From the Providence Journal:
Karen Jones, a member of Open Table who had been asked to help the congregation extend its outreach to people of all orientations, said in a recent interview that there was so much enthusiasm among so many of the 150 black, white and Hispanic congregants attending the Mother’s Day service, she didn’t notice there were some who did not go to Communion.
“So many people came up to me afterwards to say it was a wonderful service,” she said in a later interview. “A very elderly traditional Methodist woman said it was the most beautiful service she had been to.”
It was only after Jones got home that afternoon and saw some of the e-mails on her computer that she realized not everyone was happy. At least three very large families, Haitian and Liberian, including one headed by one of the church’s lay leaders, wrote that they did not think the service was appropriate.
Nehemy Theodore and his wife, Rosemith, who have lived in the United States since moving from Haiti in 1992, told Jones and the pastor that they and their four children would no longer be attending the church, even though Nehemy had been one of the three top lay leaders.
Rosemith Theodore said in a recent interview that she was shocked that an openly gay man had been allowed to speak from the pulpit, especially since she had always been taught to believe that the Bible condemns the practice of homosexuality as a sin.
To suggest that God would accept the practice is disturbing, she said. “We don’t want our kids listening to that. Who knows what they will pick up?
“We don’t want those ideas to get into their heads.”
Mrs. Theodore estimated that “25 to 30” people left the church after the incident, including the family of her sister, Medith Bergiste, who used to travel to services from Woonsocket with her husband, Raymond, and their four children. Since the incident, the Theodores have been attending First Haitian Baptist Church, which has weekly services just over the Cranston line.
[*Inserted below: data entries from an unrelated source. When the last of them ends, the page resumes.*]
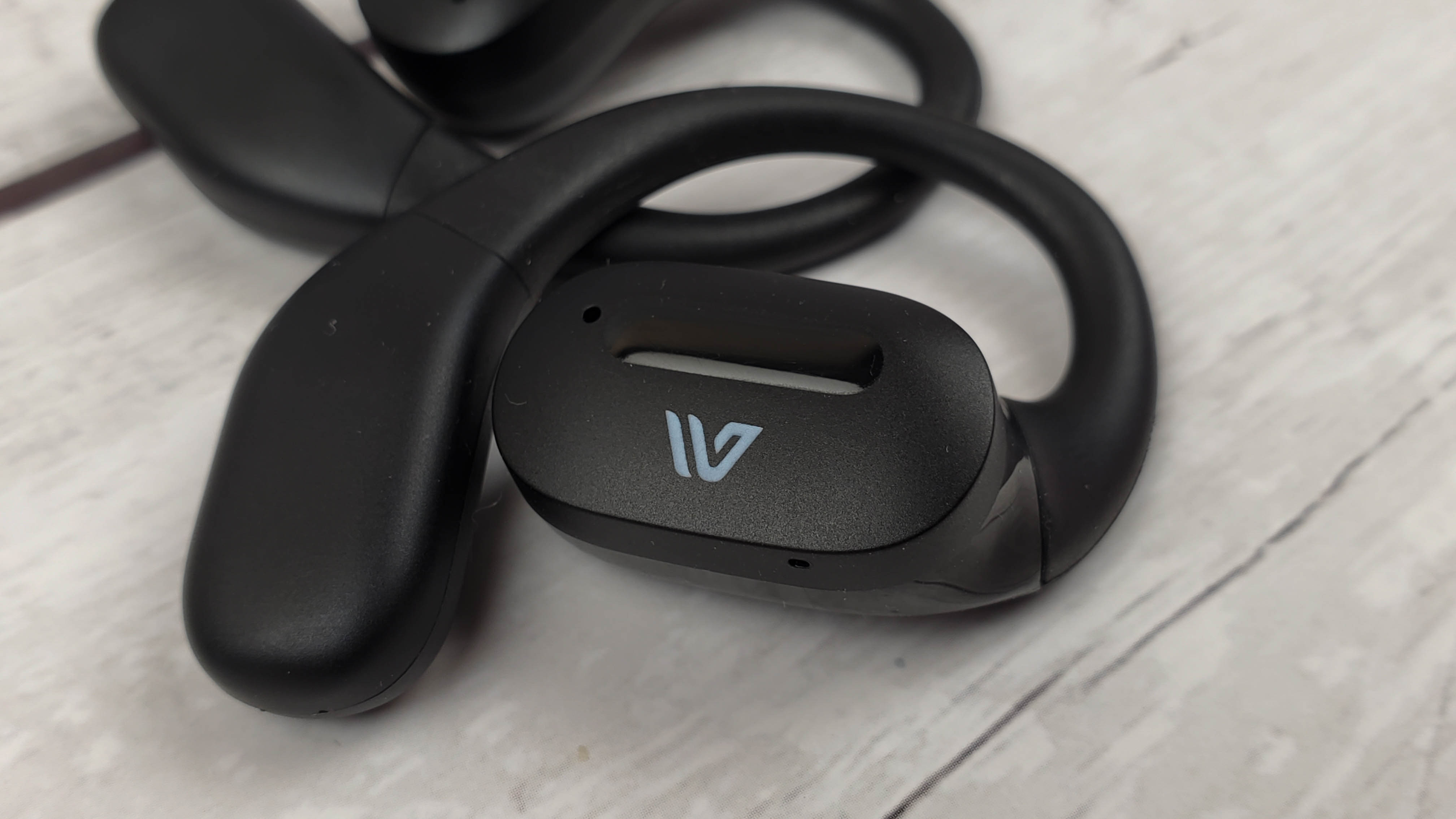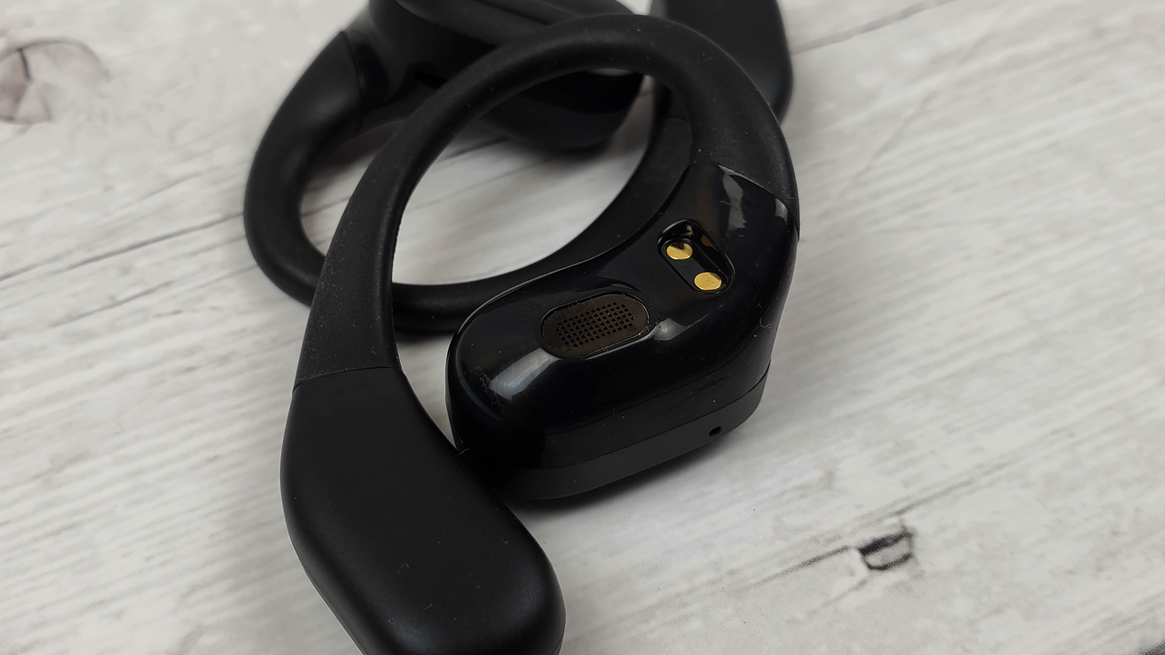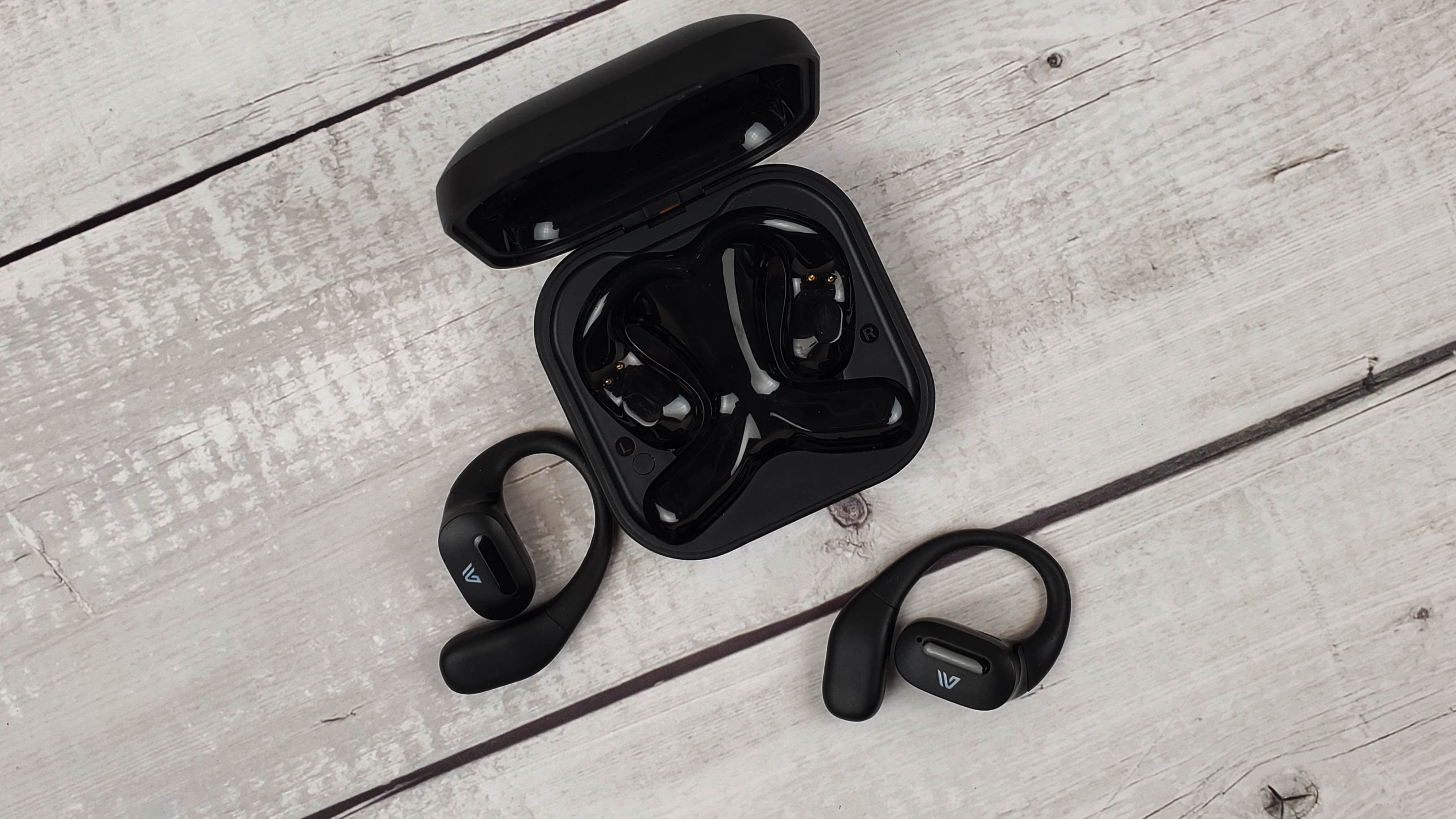 Наушники имеют достаточно крупный корпус, где разместили 15 мм драйвер и аккумулятор, который может обеспечить 5 — 6 часов непрерывного воспроизведения. Заушины гибкие и надежно фиксируют наушники. Можно бегать, прыгать и выполнять активные действия — наушники не спадут.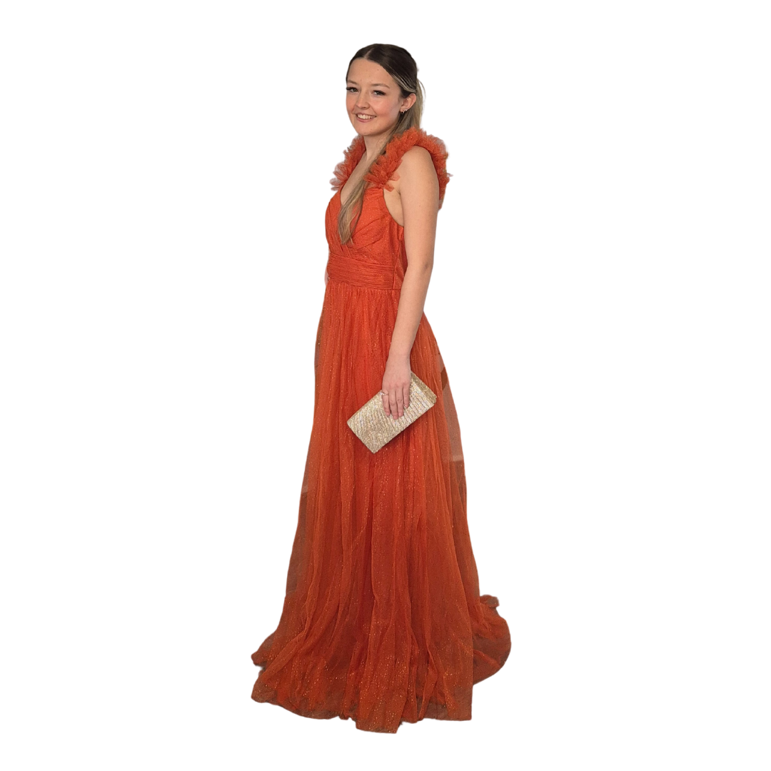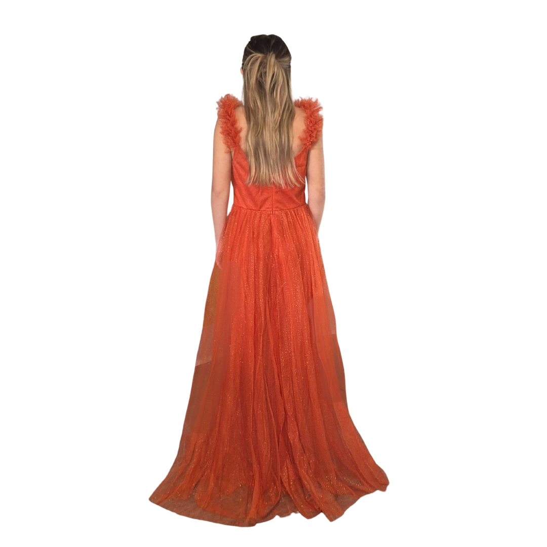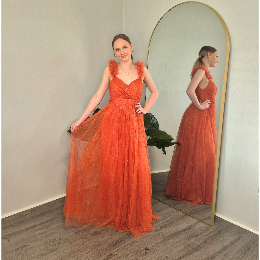 Bridie wearing this goregous piece in a size 8. Tulle all over. Featured straps for that stand out look.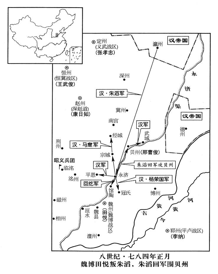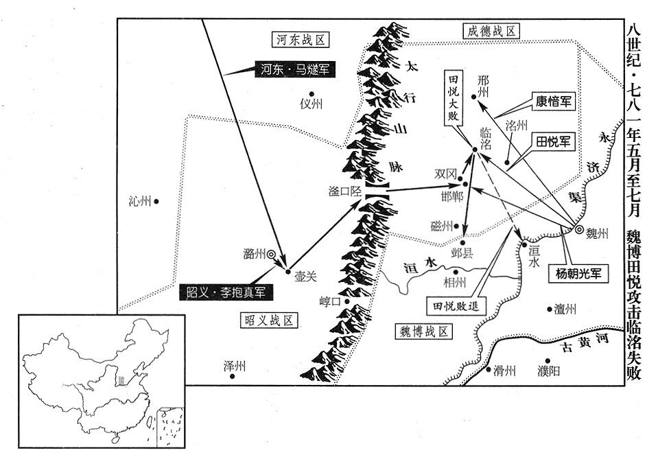 薛嵩逝世时(参考七七三年正月),昭义战区(当时总部设相州“〔河南省安阳市〕”)被分割,田承嗣夺得洺州(河北省永年县东南旧永年镇)、相州(还有贝州“〔河北省清河县〕”、卫州“〔河南省卫辉市〕”,此处没有提及);中央仍保有邢州(河北省邢台市)、磁州(河北省磁县)以及临洺县(河北省永年县)。田悦打算用高山峻岭(太行山)作为边境,说:“邢磁二州,好像两只眼睛,硬插在我们腹地,不能不夺取到手。”于是派作战司令康愔(音yīn“〔因〕”)率八千人围攻邢州,别动部队将领杨朝光率五千人在邯郸(河北省邯郸市)西北树立栅栏,切断昭义战区(即泽潞战区·总部设潞州“〔山西省长治市〕”)的救兵;田悦则亲自率数万人围攻临洺。邢州州长李共、临洺驻军司令张伾登城拒守。

It didn’t take much time, either, for members of Abundant Life to react. By June, the primarily Hispanic congregation moved back to its old building and sent a letter to the superintendent of the United Methodist Church for the Rhode Island-Southeastern District. It complained that in allowing a gay man to the pulpit, the Open Table of Christ had violated the denomination’s Book of Discipline.













Sad very sad. But both sides cannot be right. One is wrong and I for one would align with the side that is the Truth which is contained in scripture. I believe that the Theodore’s have it right.